→ INPUT DATA

=-=-=

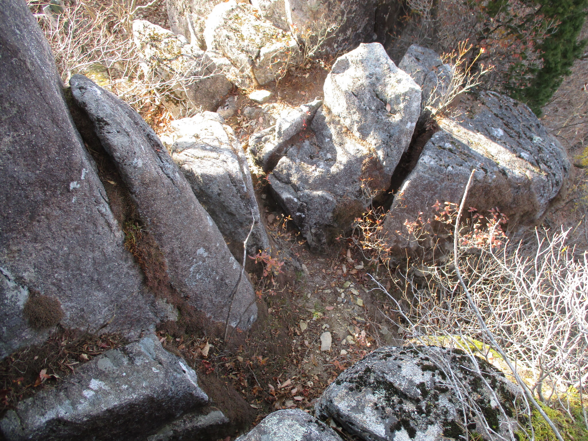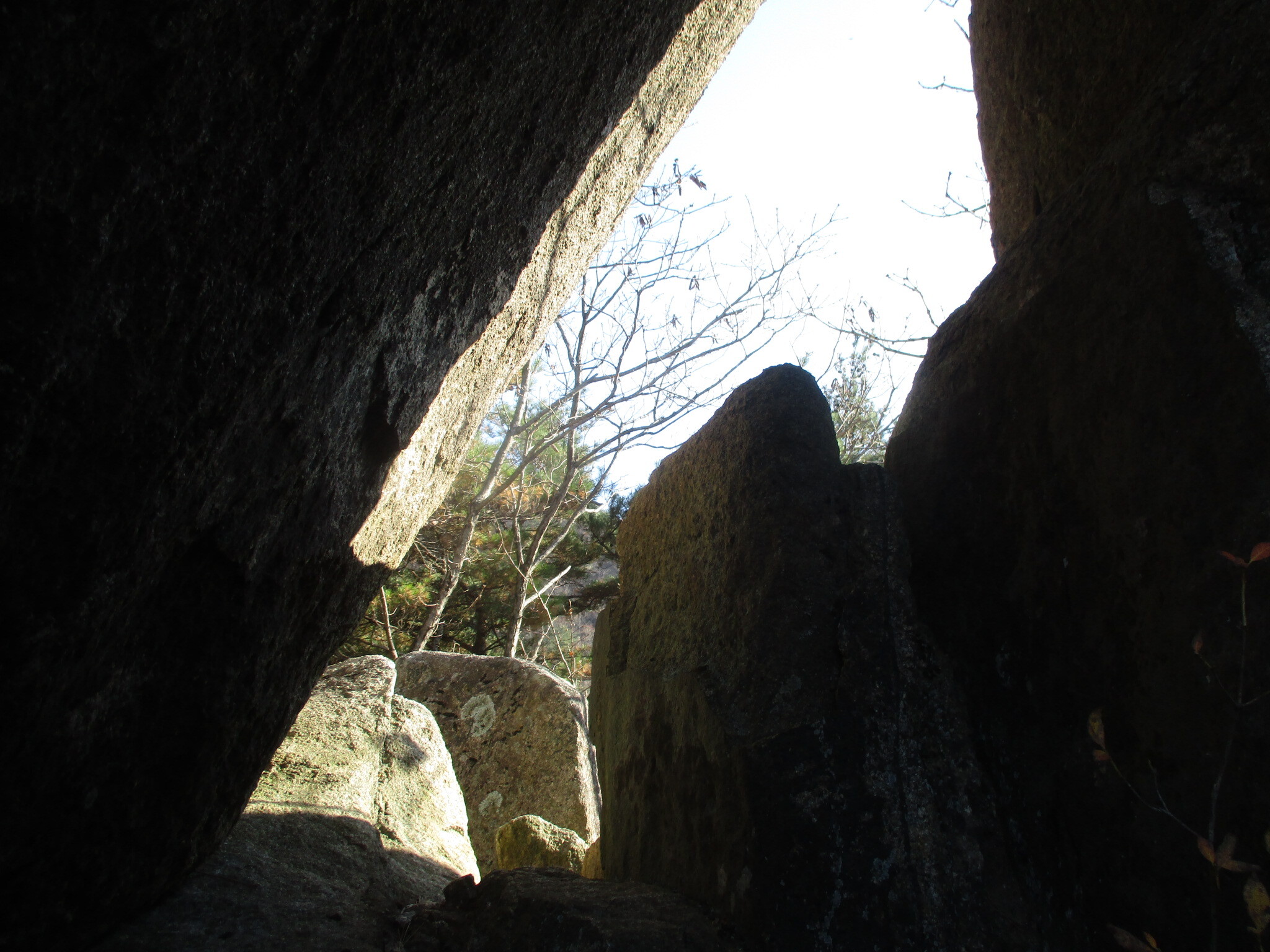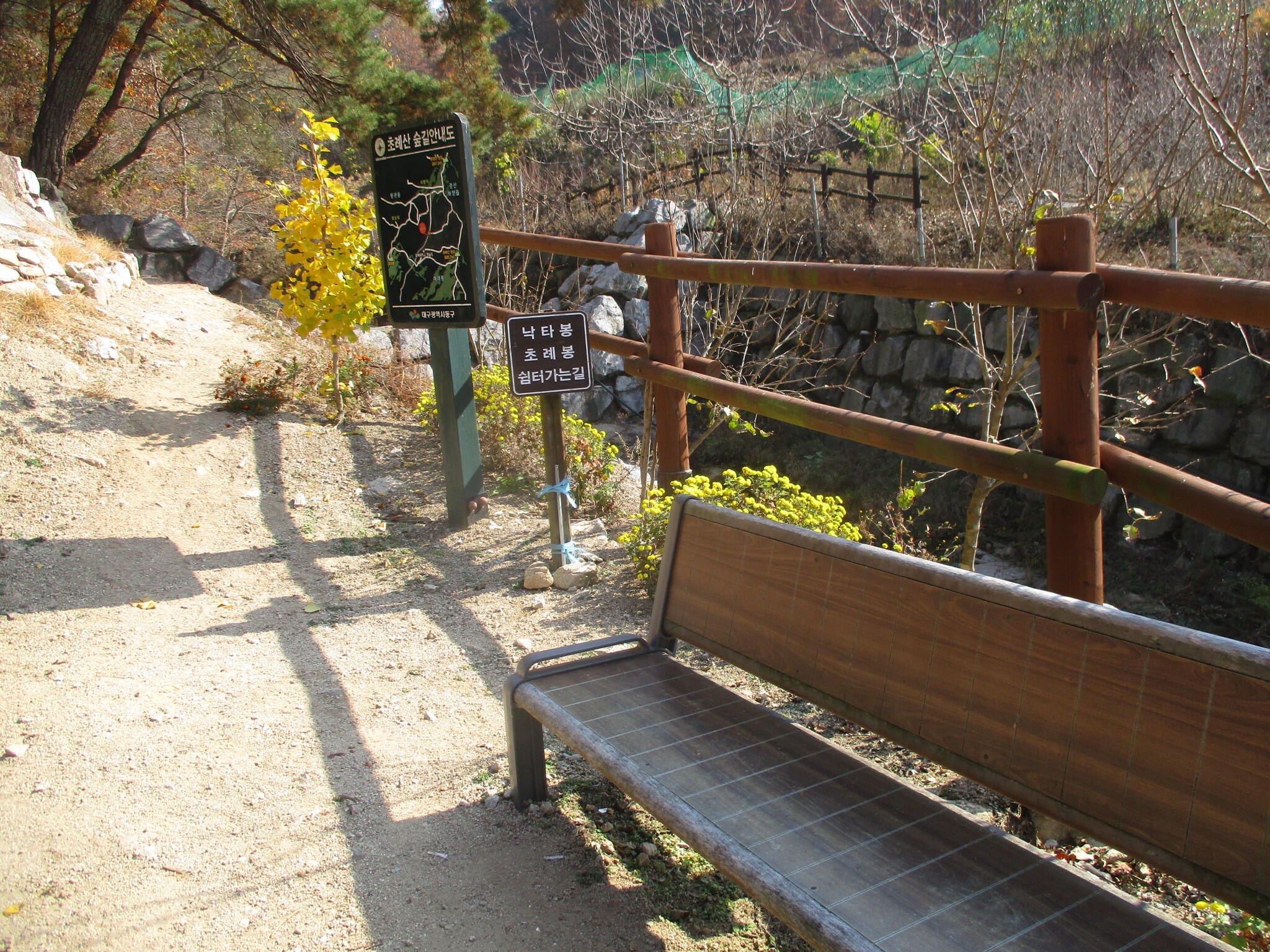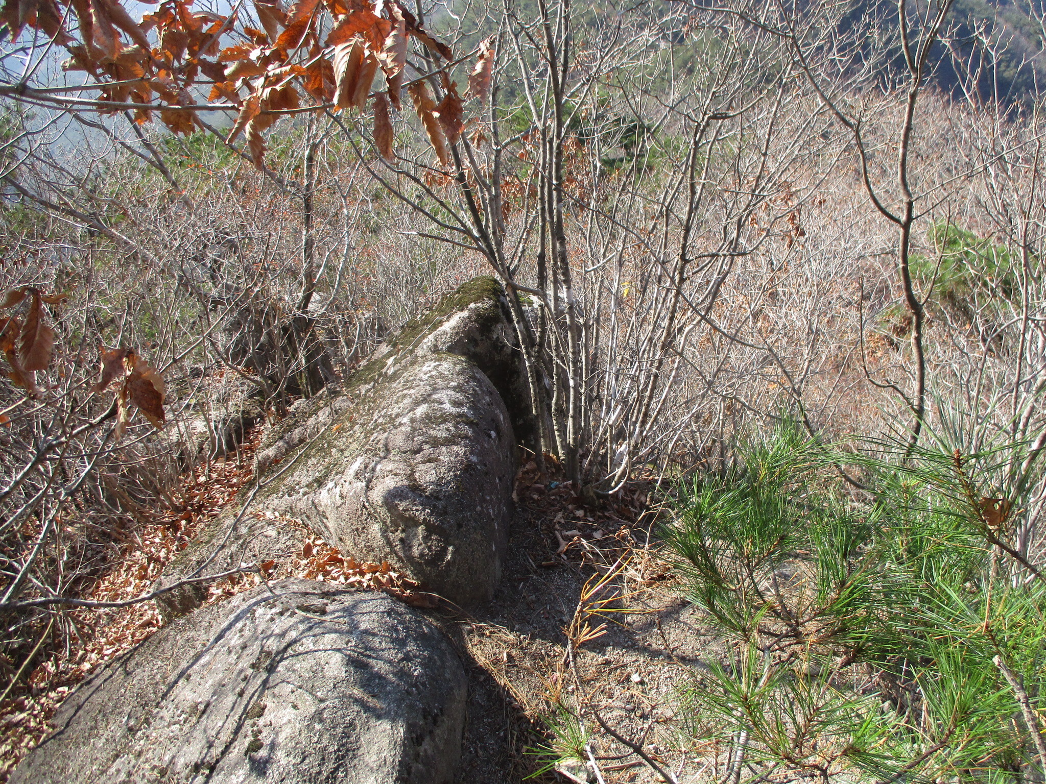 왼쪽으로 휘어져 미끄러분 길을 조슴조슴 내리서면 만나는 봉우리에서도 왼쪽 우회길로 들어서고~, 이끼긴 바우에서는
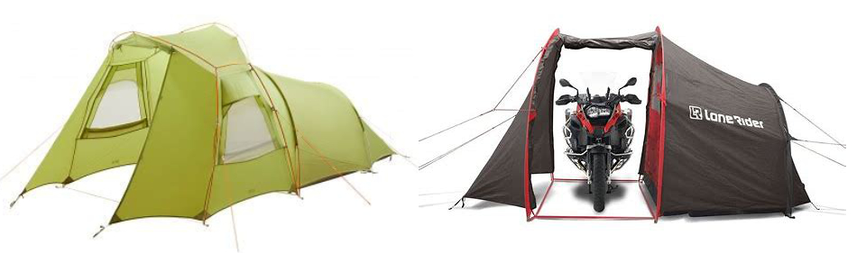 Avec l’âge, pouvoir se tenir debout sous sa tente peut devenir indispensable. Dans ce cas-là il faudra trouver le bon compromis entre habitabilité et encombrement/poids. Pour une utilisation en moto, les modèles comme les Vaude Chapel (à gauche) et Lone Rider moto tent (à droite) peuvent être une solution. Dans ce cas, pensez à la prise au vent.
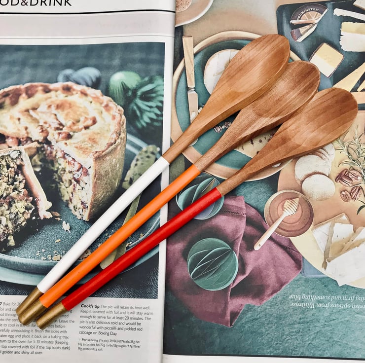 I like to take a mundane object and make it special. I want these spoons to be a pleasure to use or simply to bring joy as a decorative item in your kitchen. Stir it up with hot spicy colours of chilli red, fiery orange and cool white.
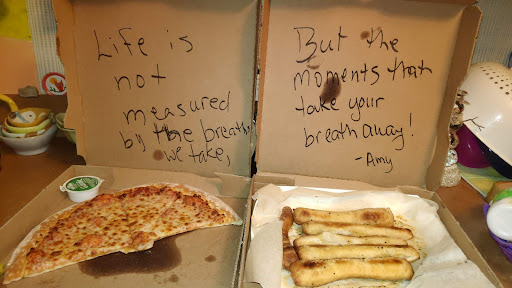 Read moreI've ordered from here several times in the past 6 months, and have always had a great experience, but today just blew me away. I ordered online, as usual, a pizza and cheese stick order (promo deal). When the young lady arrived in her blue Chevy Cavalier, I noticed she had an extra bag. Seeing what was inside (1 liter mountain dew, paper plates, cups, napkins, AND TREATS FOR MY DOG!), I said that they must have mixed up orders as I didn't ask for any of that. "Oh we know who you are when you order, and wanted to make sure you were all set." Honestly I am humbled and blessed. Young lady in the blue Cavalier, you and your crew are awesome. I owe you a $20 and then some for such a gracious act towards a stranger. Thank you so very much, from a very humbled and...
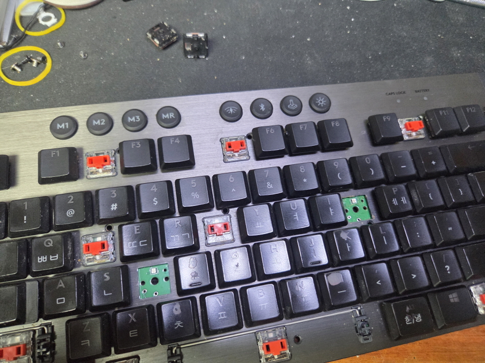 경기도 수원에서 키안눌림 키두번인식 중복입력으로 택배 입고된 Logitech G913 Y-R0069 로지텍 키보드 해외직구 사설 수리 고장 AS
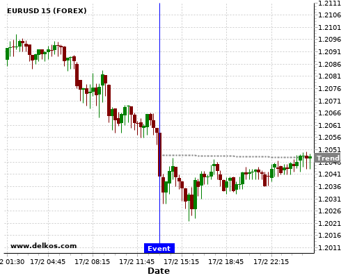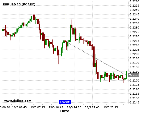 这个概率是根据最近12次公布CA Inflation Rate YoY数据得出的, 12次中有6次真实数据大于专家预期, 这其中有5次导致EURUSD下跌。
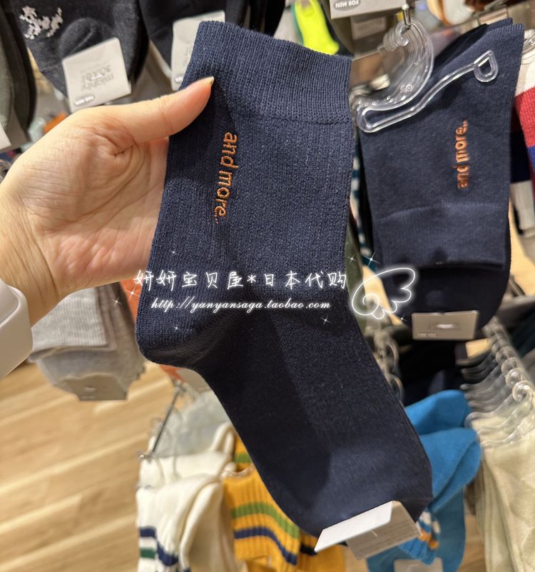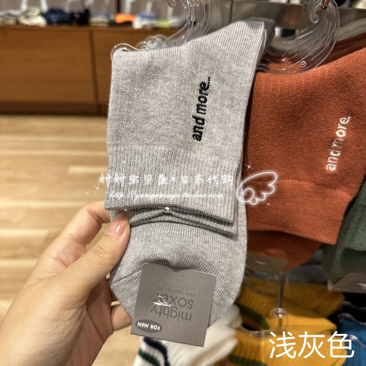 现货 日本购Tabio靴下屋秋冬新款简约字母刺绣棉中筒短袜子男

=-=-=

→ TASK DESCRIPTION
The pictures stay out of the copy. Set down the entries above precisely.

→ FINAL ANSWER
 왼쪽으로 휘어져 미끄러분 길을 조슴조슴 내리서면 만나는 봉우리에서도 왼쪽 우회길로 들어서고~, 이끼긴 바우에서는
 Avec l’âge, pouvoir se tenir debout sous sa tente peut devenir indispensable. Dans ce cas-là il faudra trouver le bon compromis entre habitabilité et encombrement/poids. Pour une utilisation en moto, les modèles comme les Vaude Chapel (à gauche) et Lone Rider moto tent (à droite) peuvent être une solution. Dans ce cas, pensez à la prise au vent.
 I like to take a mundane object and make it special. I want these spoons to be a pleasure to use or simply to bring joy as a decorative item in your kitchen. Stir it up with hot spicy colours of chilli red, fiery orange and cool white.
 Read moreI've ordered from here several times in the past 6 months, and have always had a great experience, but today just blew me away. I ordered online, as usual, a pizza and cheese stick order (promo deal). When the young lady arrived in her blue Chevy Cavalier, I noticed she had an extra bag. Seeing what was inside (1 liter mountain dew, paper plates, cups, napkins, AND TREATS FOR MY DOG!), I said that they must have mixed up orders as I didn't ask for any of that. "Oh we know who you are when you order, and wanted to make sure you were all set." Honestly I am humbled and blessed. Young lady in the blue Cavalier, you and your crew are awesome. I owe you a $20 and then some for such a gracious act towards a stranger. Thank you so very much, from a very humbled and...
 경기도 수원에서 키안눌림 키두번인식 중복입력으로 택배 입고된 Logitech G913 Y-R0069 로지텍 키보드 해외직구 사설 수리 고장 AS
 这个概率是根据最近12次公布CA Inflation Rate YoY数据得出的, 12次中有6次真实数据大于专家预期, 这其中有5次导致EURUSD下跌。
 现货 日本购Tabio靴下屋秋冬新款简约字母刺绣棉中筒短袜子男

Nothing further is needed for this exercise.